━━━━━ Exercise material ━━━━━

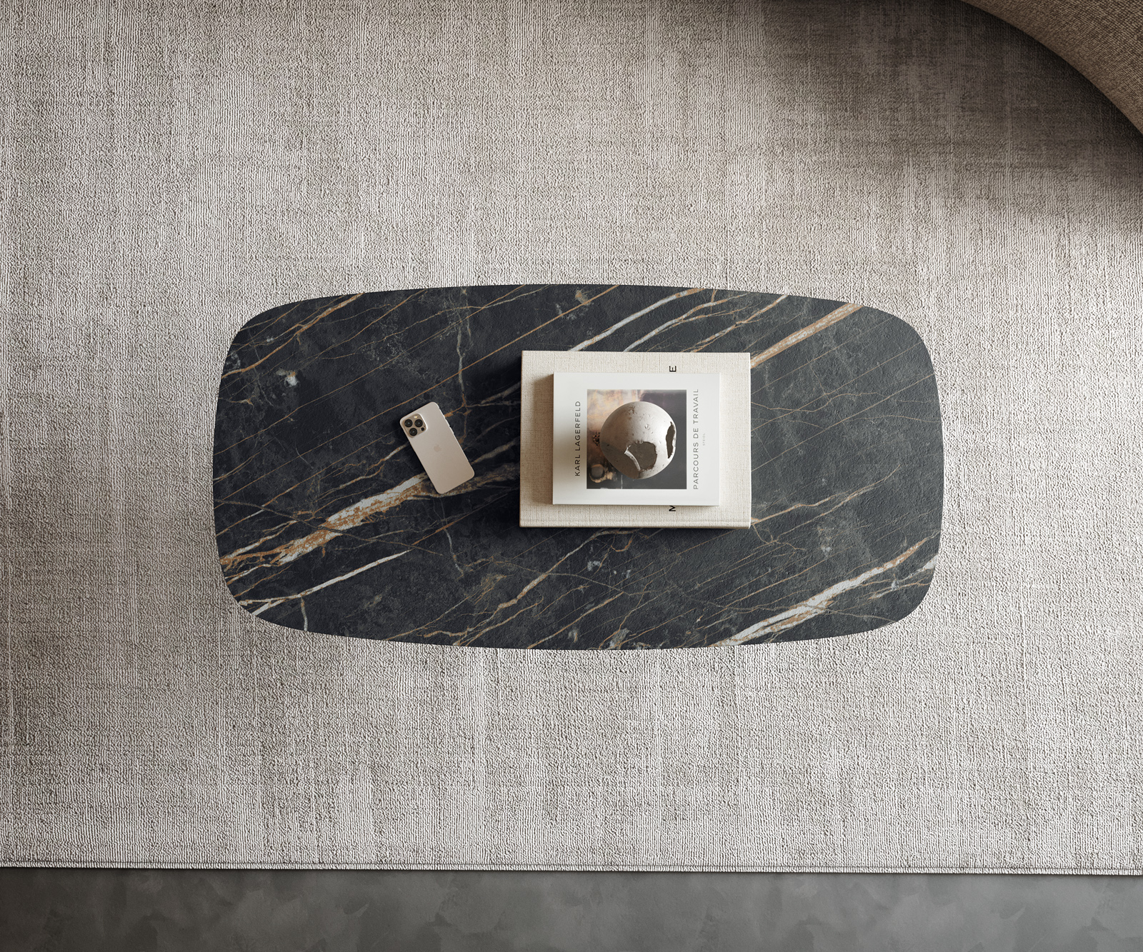 Tvůj nový vysněný stolek – konferenční stolek Edge z keramické desky Laminam® Noir Desir hnědá v oválném tvaru
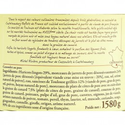 Lingot-pavut 29 %, vesi, luuttomat, suolatut porsaanpotkat 23,5 % (luuttomat porsaanpotkat [équivalent viande crue mise en œuvre : 20%] , vesi, suola, luontainen pippuriaromi), grillatut Toulouse-makkarat 11,9 % (sianliha, porsaanrasva, suola, pippuri, luonnollinen porsaankuori), luulliset porsaan kylkiluut, kypsennettynä ankanrasvassa 7,1 % (porsaan kylkiluut, ankanrasva), porsaan nahka, ankanrasva, purjo, valkosipulimassa, porsaanrasva, porkkanat, sipulit, lihaliemi, luontaiset pippuriaromit, tomaatti, persilja, timjami, laakerinlehti, suola, muskottipähkinä, korianteri, salvia, inkivääri, kaneli, neilikka, oregano, luontainen aromi. Sianliha Ranskasta. 99 % näistä ainesosista on Ranskasta peräisin.
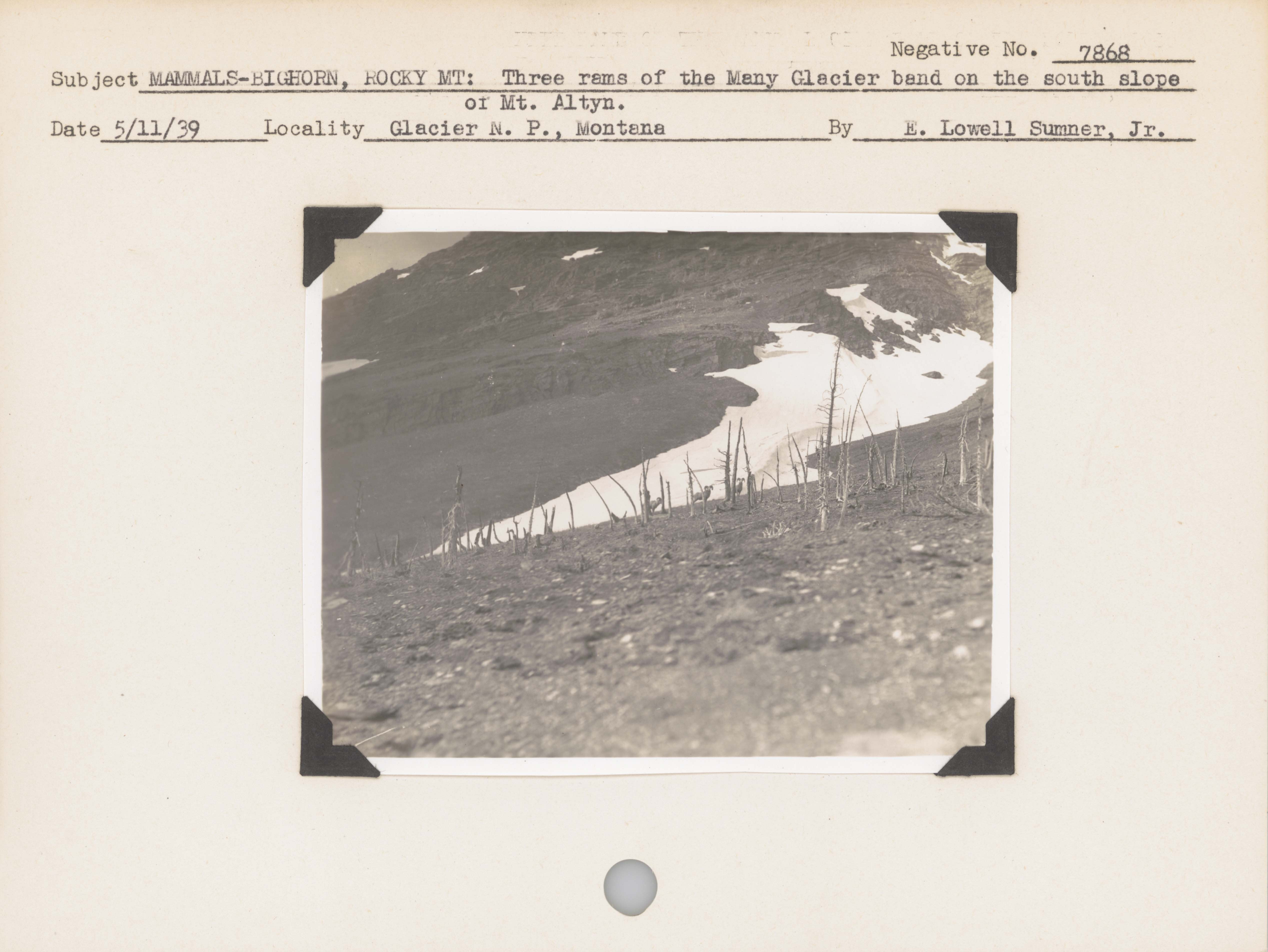 Mammals--Bighorn, Rocky Mountain--Three rams of the Many Glacier band on the south slope of Mount Altyn. Locality: Glacier National Park, Montana. Negative #: 7868
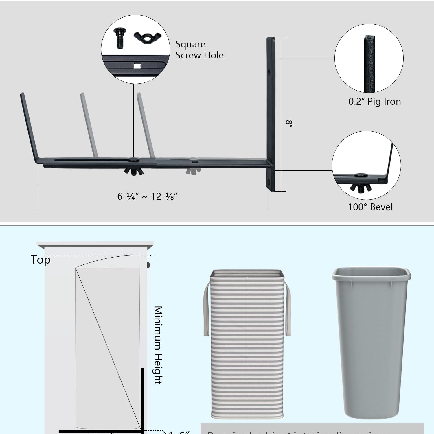 - For All Sizes - If the trash can/laundry hamper can fit into the cabinet with 1.5 inches of clearance, it can be supported.Adjustable heavy-duty brackets support containers from 6 inches to 12 inches wide with a maximum weight capacity of 50 lbs.
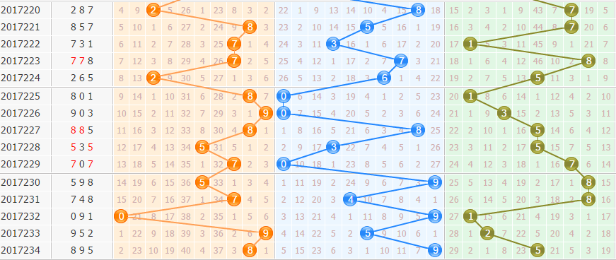 和值分析:上期和值22点,和值走势上升,近期和值走势波动较大,本期重点和值关注15防10点。
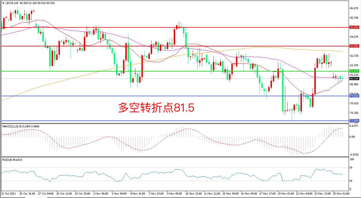 4小时图看,油价延续高位震荡,整体波幅不大,200周期均线成为上方阻力,81.5成为下方支撑,MACD红柱增加,RSI指标走平,日内震荡上行概率较大。
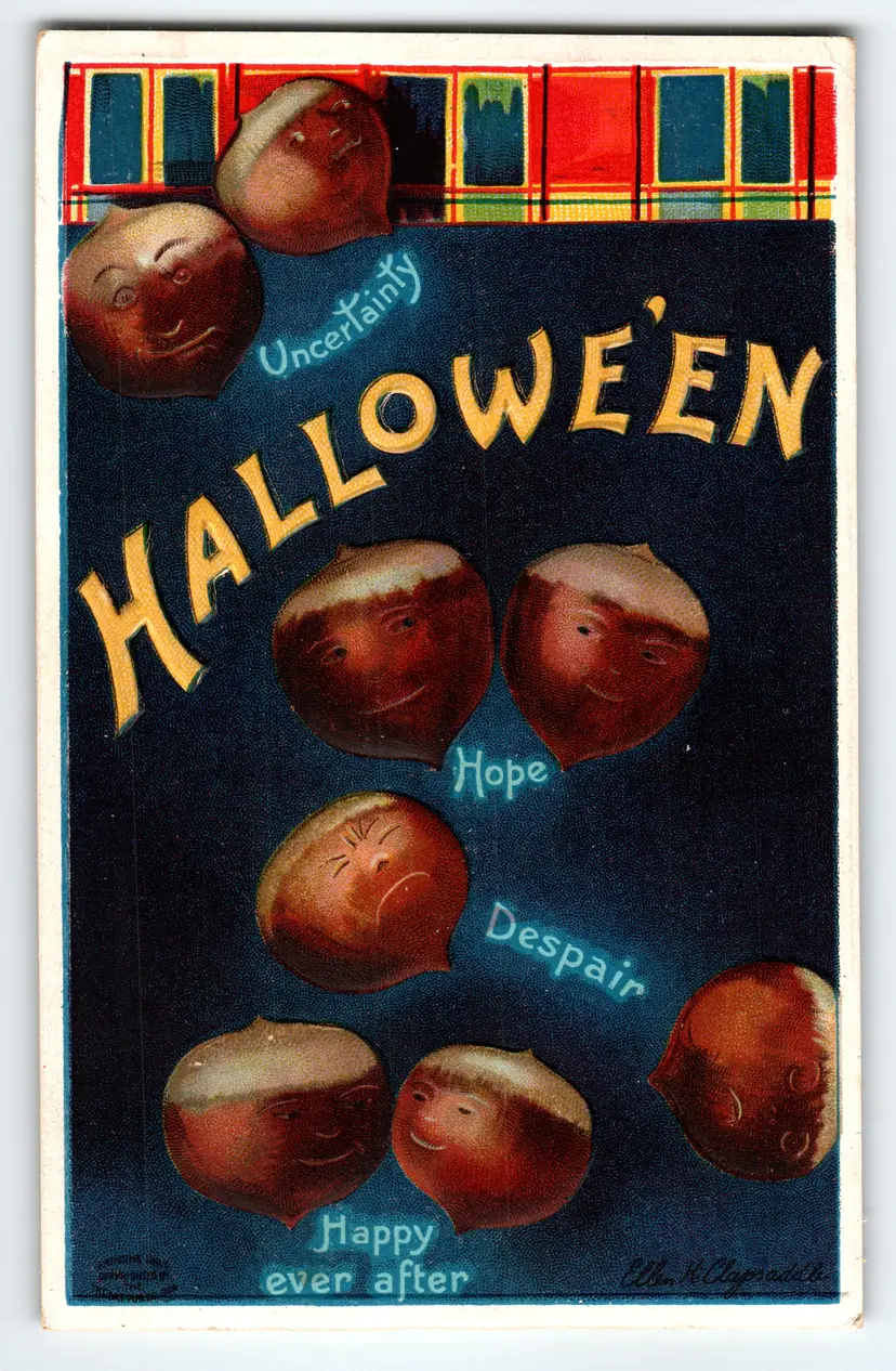 This charming vintage Halloween postcard from the early 20th century features lithograph printing depicting expressive chestnuts personified with faces showing emotions like uncertainty, hope, despair, and happiness. The colorful, plaid-themed top border contrasts with the dark blue background, highlighting the bold yellow "Hallowe'en" text. The playful, whimsical style is typical of divided back postcards produced between 1907 and 1915.

━━━━━

Repeat the entries exactly, without pictures.

- _Result for this task_
 Tvůj nový vysněný stolek – konferenční stolek Edge z keramické desky Laminam® Noir Desir hnědá v oválném tvaru
 Lingot-pavut 29 %, vesi, luuttomat, suolatut porsaanpotkat 23,5 % (luuttomat porsaanpotkat [équivalent viande crue mise en œuvre : 20%] , vesi, suola, luontainen pippuriaromi), grillatut Toulouse-makkarat 11,9 % (sianliha, porsaanrasva, suola, pippuri, luonnollinen porsaankuori), luulliset porsaan kylkiluut, kypsennettynä ankanrasvassa 7,1 % (porsaan kylkiluut, ankanrasva), porsaan nahka, ankanrasva, purjo, valkosipulimassa, porsaanrasva, porkkanat, sipulit, lihaliemi, luontaiset pippuriaromit, tomaatti, persilja, timjami, laakerinlehti, suola, muskottipähkinä, korianteri, salvia, inkivääri, kaneli, neilikka, oregano, luontainen aromi. Sianliha Ranskasta. 99 % näistä ainesosista on Ranskasta peräisin.
 Mammals--Bighorn, Rocky Mountain--Three rams of the Many Glacier band on the south slope of Mount Altyn. Locality: Glacier National Park, Montana. Negative #: 7868
 - For All Sizes - If the trash can/laundry hamper can fit into the cabinet with 1.5 inches of clearance, it can be supported.Adjustable heavy-duty brackets support containers from 6 inches to 12 inches wide with a maximum weight capacity of 50 lbs.
 和值分析:上期和值22点,和值走势上升,近期和值走势波动较大,本期重点和值关注15防10点。
 4小时图看,油价延续高位震荡,整体波幅不大,200周期均线成为上方阻力,81.5成为下方支撑,MACD红柱增加,RSI指标走平,日内震荡上行概率较大。
 This charming vintage Halloween postcard from the early 20th century features lithograph printing depicting expressive chestnuts personified with faces showing emotions like uncertainty, hope, despair, and happiness. The colorful, plaid-themed top border contrasts with the dark blue background, highlighting the bold yellow "Hallowe'en" text. The playful, whimsical style is typical of divided back postcards produced between 1907 and 1915.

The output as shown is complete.